Design a Bank Account System
OOP design for a banking system covering account types, transaction processing, overdraft protection, and thread-safe balance operations.
The Problem
Your fintech startup processes 50,000 transactions per day. Last week, two customers reported negative balances on savings accounts that should never go below zero. The root cause: a race condition in the withdrawal logic. One thread checked the balance, another thread processed a debit in between, and the first thread completed its withdrawal against a stale balance. The post-mortem also revealed that adding a new account type (fixed deposit) required changes in 14 different files because account rules were scattered across switch statements.
A bank account system is a classic OOP problem that tests your ability to model entities with shared behavior but different rules. Savings accounts earn compound interest but prohibit overdrafts. Checking accounts allow overdrafts up to a limit but earn no interest. Transfers between accounts must be atomic: debit one and credit the other, or neither.
Design the core classes for a banking system that handles multiple account types, transaction processing with overdraft protection, interest calculation, and thread-safe balance operations.
Requirements
Clarifying Questions
Before jumping into class design, ask questions to turn the vague prompt into a concrete specification. Cover four areas: core actions, error handling, boundaries, and future extensions.
You: "What account types do we need to support?"
Interviewer: "Savings and checking for now. But we plan to add fixed deposit accounts soon."
That tells you account types need to be extensible.
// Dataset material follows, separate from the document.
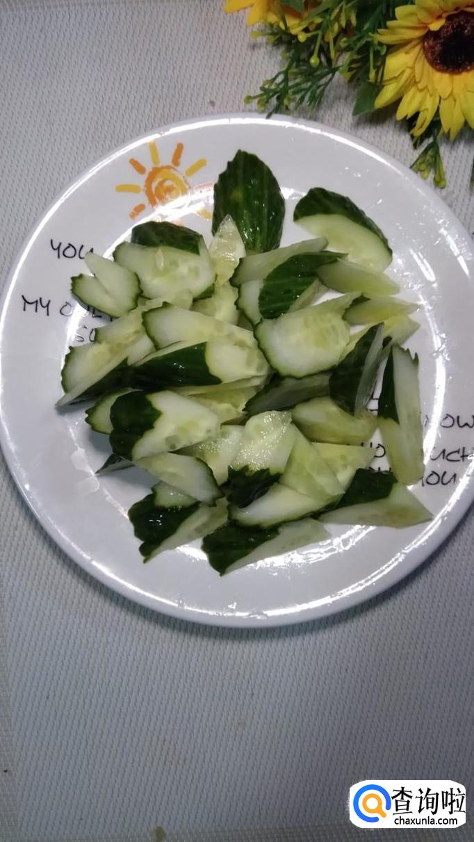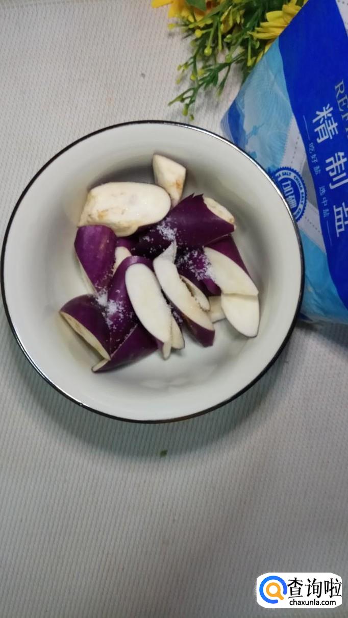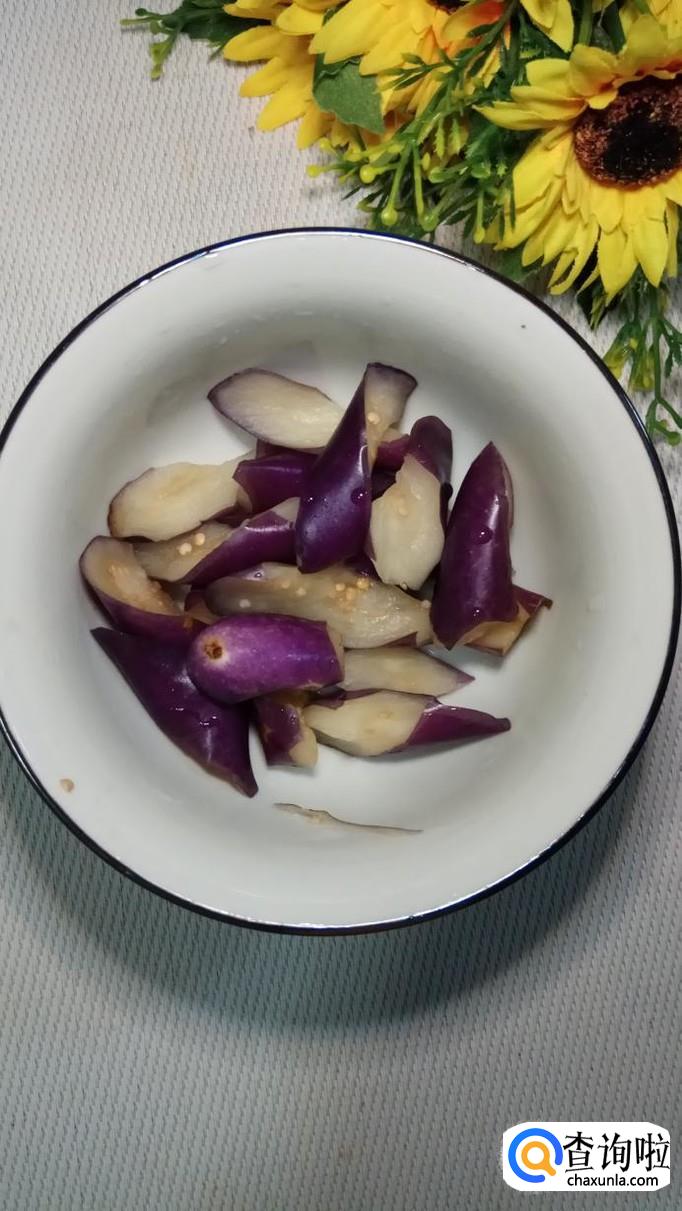 将黄瓜切成滚刀块儿,放入盘中备用,将茄子也切成滚刀块儿,加入适量盐,腌15分钟,然后用手捏去水分倒掉,用清水冲一下,备用。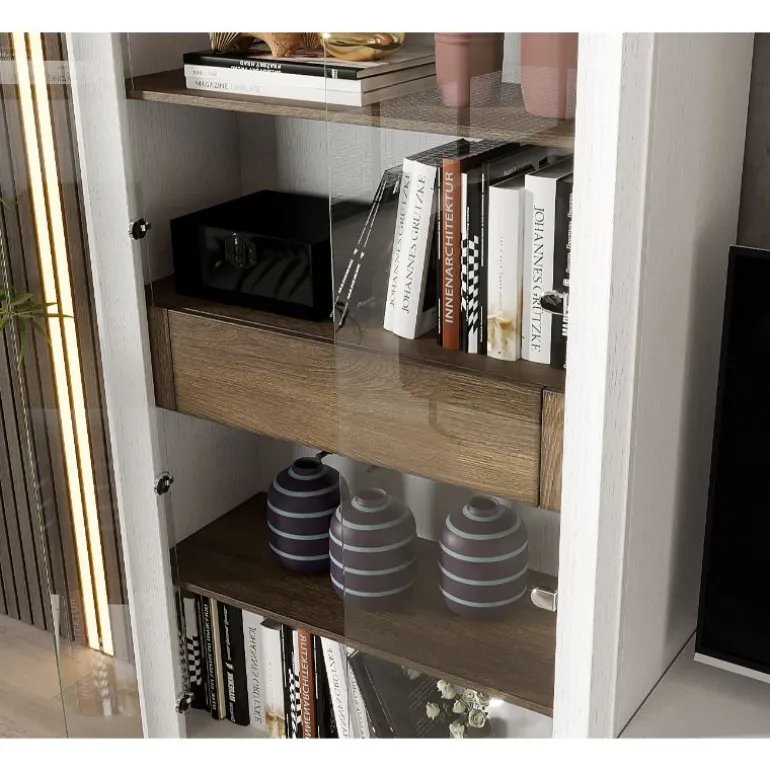 •Vitrina fabricada en Acabado Lacado con opción de a poro abierto para poder sentir y ver el relieve de la veta, y Roble Natural.

Hard-coded type checks will not survive.
You: "Can savings accounts go negative, or is that checking-only?"
Interviewer: "Savings accounts cannot go below zero. Checking accounts have a configurable overdraft limit."
Good. Different withdrawal rules per account type. This is a strong signal for polymorphism.
You: "How does interest work? Same formula for all accounts?"
Interviewer: "Savings uses compound interest. Checking earns nothing. Fixed deposit uses simple interest. The rate varies by account."
Three different interest strategies. This practically screams Strategy pattern.
You: "Should transfers between accounts be atomic? What if the debit succeeds but the credit fails?"
Interviewer: "Atomic. Either both succeed or neither. Never leave money in limbo."
That last question matters because atomicity in transfers is the hardest concurrency challenge in this problem. The interviewer wants to hear you think about failure modes.
You: "Are there daily transaction limits?"
Interviewer: "Yes. A configurable daily withdrawal limit per account. Savings has a stricter limit than checking."
Another rule that differs by account type. More evidence for the polymorphic approach.
You: "Do we need to maintain a transaction history?"
Interviewer: "Yes. Every transaction is logged immutably. You should be able to replay the log to recompute any balance."
Append-only transaction log. The balance on the account is essentially a cached projection.
You: "Is the system multi-threaded? Can two withdrawals happen on the same account concurrently?"
Interviewer: "Yes. Multiple tellers or ATMs can hit the same account. Thread safety is required."
Perfect. You have clarified scope and ruled out unnecessary complexity.
Final Requirements
Functional Requirements:
- Support multiple account types (savings, checking) with different withdrawal rules
- Process deposits, withdrawals, and account-to-account transfers
- Enforce overdraft protection: savings rejects negative balances, checking allows up to a configurable limit
- Calculate interest using different strategies per account type
- Maintain an immutable, append-only transaction log for every account
- Enforce configurable daily withdrawal limits per account type
Non-Functional Requirements:
- Thread safety for concurrent balance operations on the same account
- Adding a new account type requires a new class, not changes to existing code
- Transfers are atomic: both sides succeed or neither does
Out of Scope:
- UI or API layer
- Persistence or database
- Network/distributed transactions
- KYC or compliance checks
- Currency conversion
Example Inputs and Outputs
Scenario 1: Successful withdrawal from checking account
- Setup: Checking account with $500 balance, $200 overdraft limit
- Action: Withdraw $600
- Expected: Withdrawal succeeds. Balance becomes -$100 (within overdraft limit). Transaction logged.
- Why: Validates overdraft logic. $600 withdrawal from $500 balance leaves -$100, which is within the -$200 overdraft floor.
Scenario 2: Rejected withdrawal from savings account
- Setup: Savings account with $300 balance, no overdraft
- Action: Withdraw $400
- Expected: Withdrawal rejected with "insufficient funds." Balance unchanged. No transaction logged.
- Why: Validates that savings accounts enforce zero-floor policy.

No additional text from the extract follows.